In the debate, Mr Campbell-Savours said:
“Many farmers feared this was coming [and] contacted Labour candidates who reassured them, based on public commitments from the then shadow secretary of state for Defra, that APR would not be touched.
“I was one of those Labour candidates, and it’s for that reason I’ll be voting against the Budget resolution enabling these changes.”
His vote against the family farm tax was, therefore, absolutely in line with the platform he stood for election on. The Labour Party, however, is clearly not committed to electoral consistency and has punished him for his honesty by removing the whip which means he will sit as an independent MP for the foreseeable future.
Roughly 30 other Labour MPs, mostly from rural constituencies, abstained on the vote after a request from the National Farmers Union. This at least sent a message to the treasury and must have registered with Labour strategists. It may have a huge majority, but if the government is going to be in power for more than one term it will need to retain at least a proportion of the rural seats it won in 2024.

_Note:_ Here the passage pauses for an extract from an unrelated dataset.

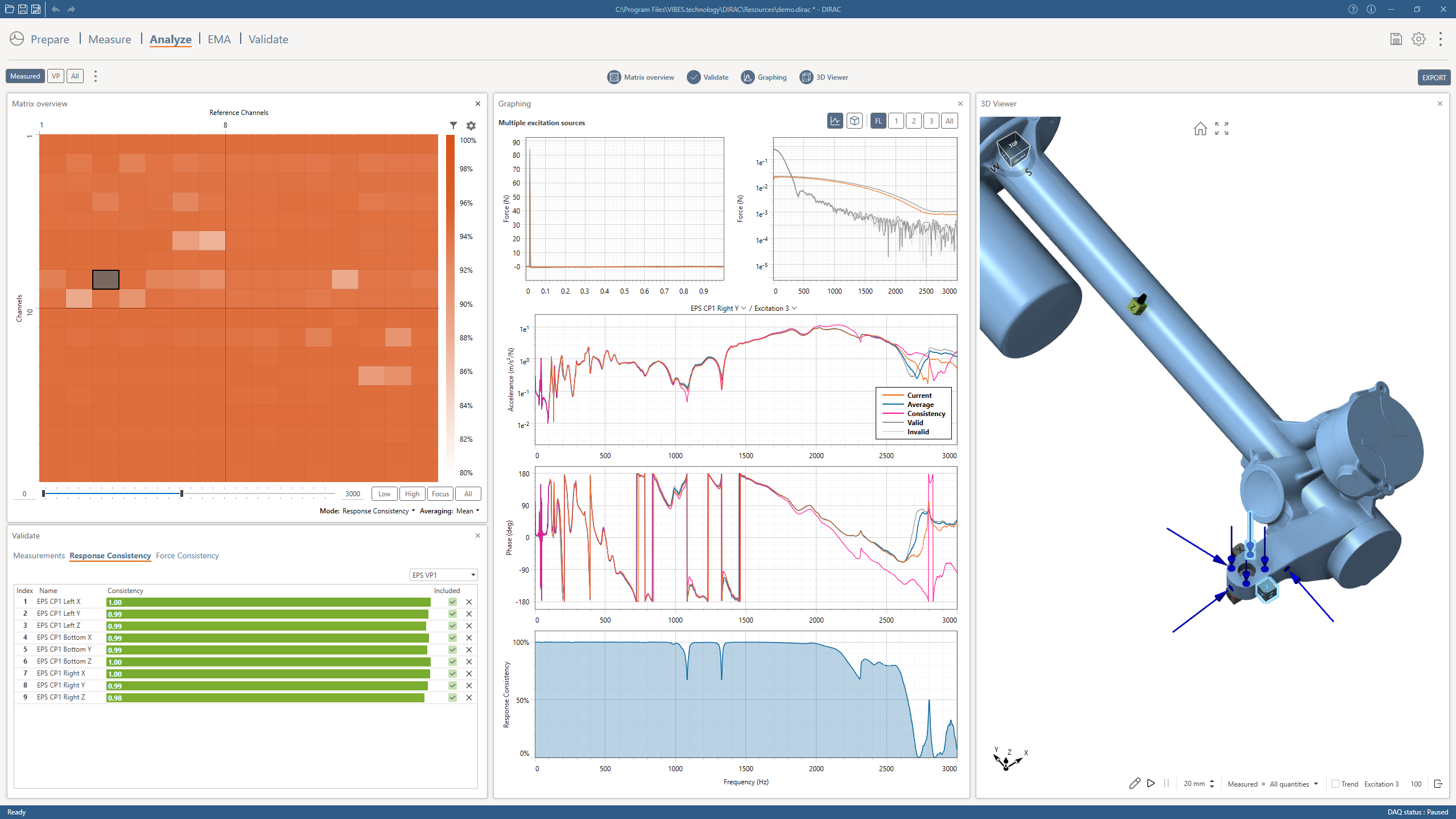 High-quality FRF measurements are the foundation of reliable test-based models — yet acquiring them is time-consuming, costly, and vulnerable to errors that only surface late in the workflow. Even experienced engineers can lose valuable insight through sub-optimal design of experiment, inconsistent measurements, or limited use of the data afterwards. DIRAC reduces these risks by helping you acquire trustworthy FRF data and extract more value from every measurement and model.

Those MPs who abstained on the inheritance tax vote and those who are becoming increasingly vocal on a range of rural issues are understandably worried about their future election prospects and are publicly highlighting their concern about Labour’s policy agenda in the countryside. The bad news for them is that there is a queue of government announcements in train that are only likely to add to their concerns.
We are expecting the government’s Animal Welfare Strategy, which is likely to include commitments to ban snaring, introduce new close seasons and remove species from the quarry list, imminently. The Home Office will also be launching a consultation on radical plans to restrict the ownership of shotguns in the next few weeks. Meanwhile, the government’s plans to ban trail hunting will also be out for consultation “early in the New Year”.
This creates an almost perfect storm for rural Labour MPs as the government faces increasing criticism that it has launched a war on the countryside. The sad thing is that none of this is necessary. In opposition Labour made great efforts to woo the farming and wider rural community and largely neutralised historic concerns about the party's attitude to the countryside. The trust it built over years has been greatly diminished in the past 18 months, but there remains an opportunity to rebuild it over the rest of this parliament. That will not happen, however, if every item on Labour’s rural agenda is an attack on the countryside.